— ASSIGNED TASK —
Output the data unchanged and complete, minus the images.

— SOURCE DATA —

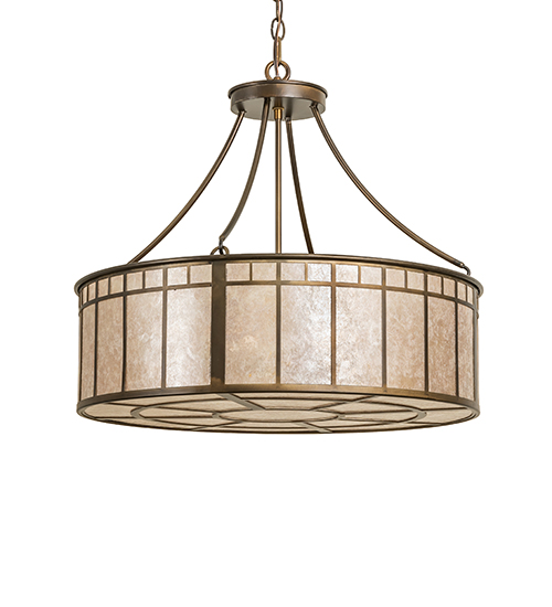 The Glendale Mission Inverted pendant features a continuous band of T-Mission patterns in an Antique Copper finish on an impressive drum-shaped Silver Mica shade with a matching bottom diffuser. Inspired by the famed Arts and Crafts movement in design, this handsome ceiling fixture offers an overall height range from 25 to 60 inches, as the chain length can be easily adjusted on location to accommodate your specific lighting application needs. The Glendale Mission Inverted Pendant is featured in our American-made, American-designed, handcrafted Craftsman Lighting Collection, which is manufactured in Yorkville, New York. UL and cUL listed for dry and damp locations.
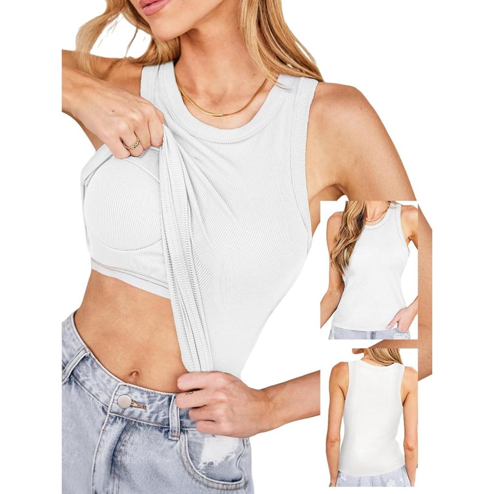 CUPSHE Womens Built in Bra Tank Tops Ribbed Sleeveless 2025 Summer Basic Tops(White)
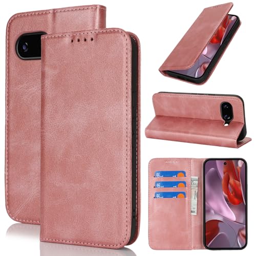 対応 Google pixel 9a ケース 手帳型 スマホケース グーグルピクセル9a カバー 手帳型 カードスロット、キックスタンド レザー(ローズゴールド)
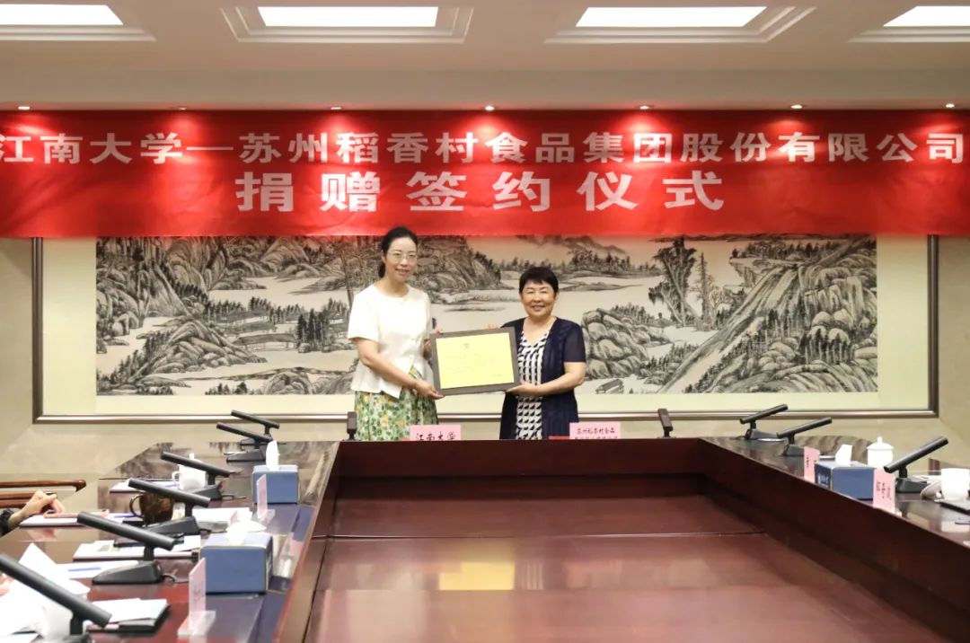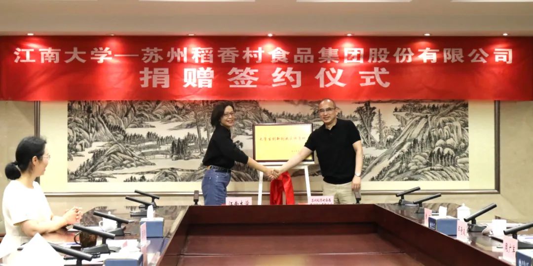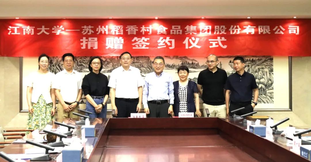 7月1日上午,苏州稻香村食品集团股份有限公司董事长周广军(制糖工程1979级校友)、总经理王芳(制糖工程1980级校友)、福吉佳公司总经理邹奇波(食品科学与工程1986级校友)等一行5人来访bat365在线官方网站,双方在行政楼B305会议室举行江南大学—苏州稻香村食品集团股份有限公司捐赠签约仪式。江南大学党委书记、教育发展基金会理事长吴正国,中国工程院院士、校长陈卫,党委常委、副校长张影陆,社会合作与校友联络处及食品学院相关负责人出席活动。

— OUTPUT OF THE TASK —
 The Glendale Mission Inverted pendant features a continuous band of T-Mission patterns in an Antique Copper finish on an impressive drum-shaped Silver Mica shade with a matching bottom diffuser. Inspired by the famed Arts and Crafts movement in design, this handsome ceiling fixture offers an overall height range from 25 to 60 inches, as the chain length can be easily adjusted on location to accommodate your specific lighting application needs. The Glendale Mission Inverted Pendant is featured in our American-made, American-designed, handcrafted Craftsman Lighting Collection, which is manufactured in Yorkville, New York. UL and cUL listed for dry and damp locations.
 CUPSHE Womens Built in Bra Tank Tops Ribbed Sleeveless 2025 Summer Basic Tops(White)
 対応 Google pixel 9a ケース 手帳型 スマホケース グーグルピクセル9a カバー 手帳型 カードスロット、キックスタンド レザー(ローズゴールド)
 7月1日上午,苏州稻香村食品集团股份有限公司董事长周广军(制糖工程1979级校友)、总经理王芳(制糖工程1980级校友)、福吉佳公司总经理邹奇波(食品科学与工程1986级校友)等一行5人来访bat365在线官方网站,双方在行政楼B305会议室举行江南大学—苏州稻香村食品集团股份有限公司捐赠签约仪式。江南大学党委书记、教育发展基金会理事长吴正国,中国工程院院士、校长陈卫,党委常委、副校长张影陆,社会合作与校友联络处及食品学院相关负责人出席活动。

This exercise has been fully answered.